AVAILABLE RECORDS
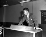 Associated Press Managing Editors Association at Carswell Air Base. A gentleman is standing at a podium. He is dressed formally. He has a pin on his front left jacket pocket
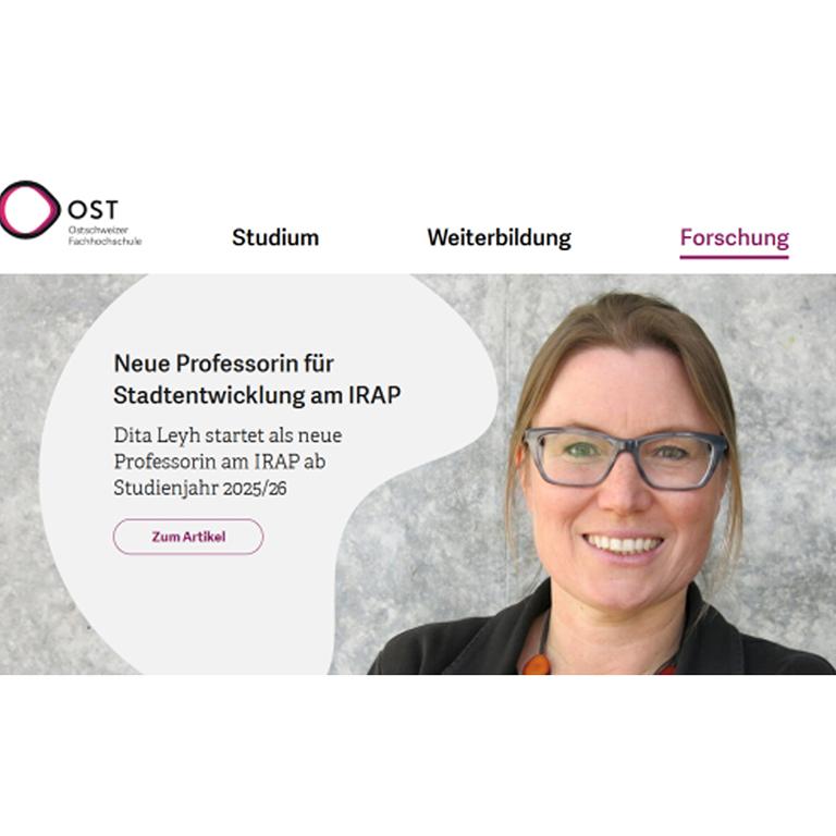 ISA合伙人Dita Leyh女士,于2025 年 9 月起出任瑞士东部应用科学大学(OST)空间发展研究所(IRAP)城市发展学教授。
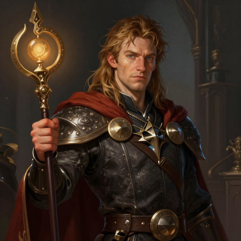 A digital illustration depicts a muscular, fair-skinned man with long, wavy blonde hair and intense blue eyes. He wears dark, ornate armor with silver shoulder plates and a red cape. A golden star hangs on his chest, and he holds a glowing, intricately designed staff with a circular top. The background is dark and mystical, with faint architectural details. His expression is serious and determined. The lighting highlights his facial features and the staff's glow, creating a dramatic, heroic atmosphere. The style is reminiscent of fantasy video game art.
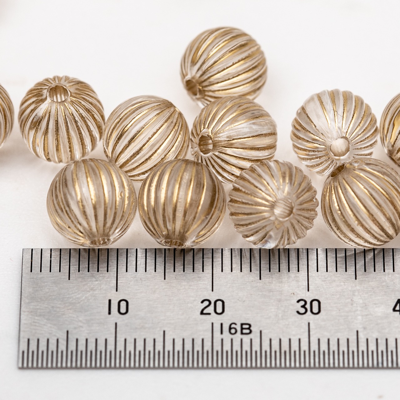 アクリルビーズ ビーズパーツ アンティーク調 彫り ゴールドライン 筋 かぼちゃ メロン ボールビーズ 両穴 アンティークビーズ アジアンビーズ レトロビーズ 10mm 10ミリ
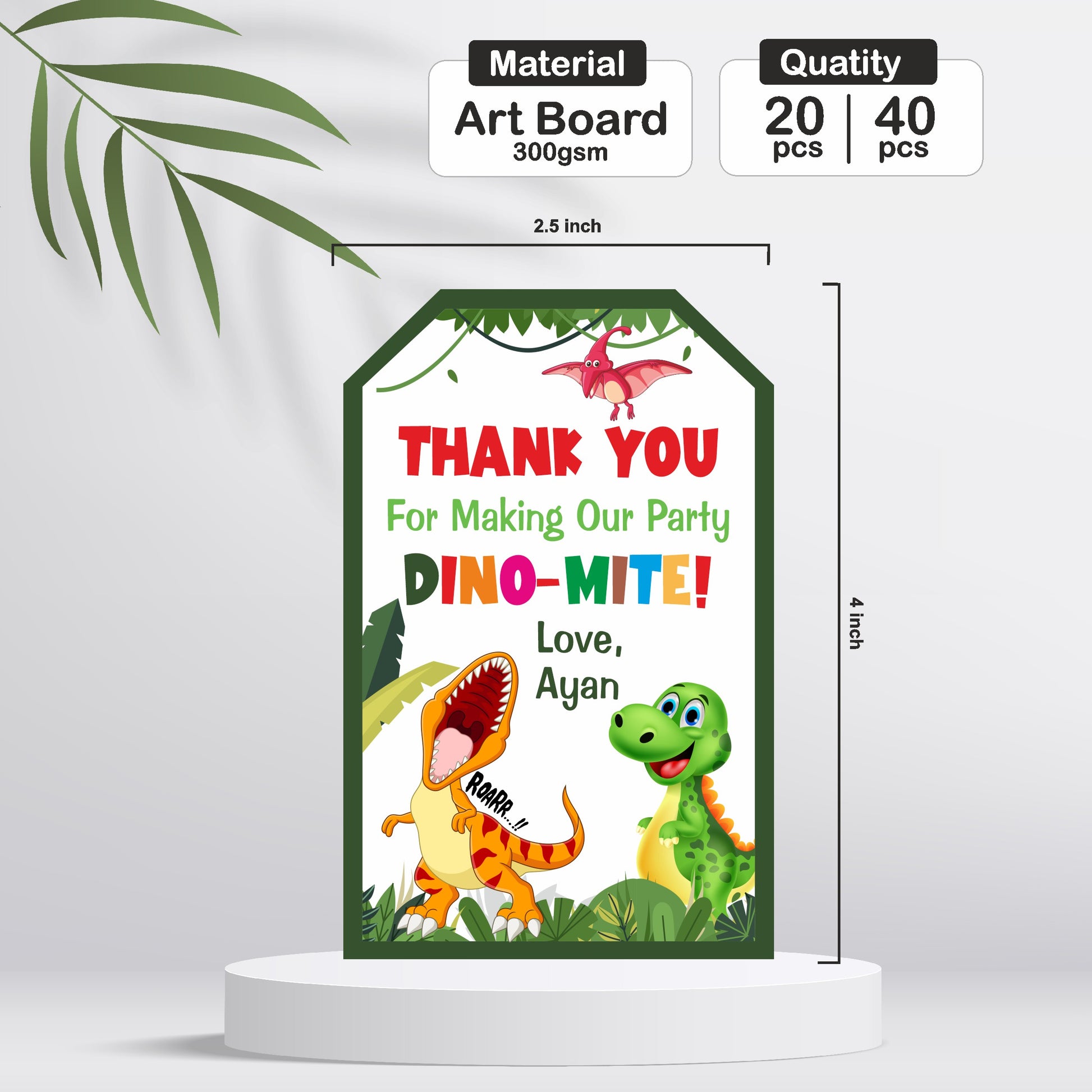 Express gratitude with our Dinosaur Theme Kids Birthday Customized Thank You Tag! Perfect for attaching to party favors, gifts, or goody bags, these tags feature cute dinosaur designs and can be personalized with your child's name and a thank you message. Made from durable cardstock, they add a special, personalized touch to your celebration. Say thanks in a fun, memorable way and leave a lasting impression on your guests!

TASK DIRECTIONS
Each line of the data above must be repeated exactly, images excluded.

TASK RESULT
 Associated Press Managing Editors Association at Carswell Air Base. A gentleman is standing at a podium. He is dressed formally. He has a pin on his front left jacket pocket
 ISA合伙人Dita Leyh女士,于2025 年 9 月起出任瑞士东部应用科学大学(OST)空间发展研究所(IRAP)城市发展学教授。
 A digital illustration depicts a muscular, fair-skinned man with long, wavy blonde hair and intense blue eyes. He wears dark, ornate armor with silver shoulder plates and a red cape. A golden star hangs on his chest, and he holds a glowing, intricately designed staff with a circular top. The background is dark and mystical, with faint architectural details. His expression is serious and determined. The lighting highlights his facial features and the staff's glow, creating a dramatic, heroic atmosphere. The style is reminiscent of fantasy video game art.
 アクリルビーズ ビーズパーツ アンティーク調 彫り ゴールドライン 筋 かぼちゃ メロン ボールビーズ 両穴 アンティークビーズ アジアンビーズ レトロビーズ 10mm 10ミリ
 Express gratitude with our Dinosaur Theme Kids Birthday Customized Thank You Tag! Perfect for attaching to party favors, gifts, or goody bags, these tags feature cute dinosaur designs and can be personalized with your child's name and a thank you message. Made from durable cardstock, they add a special, personalized touch to your celebration. Say thanks in a fun, memorable way and leave a lasting impression on your guests!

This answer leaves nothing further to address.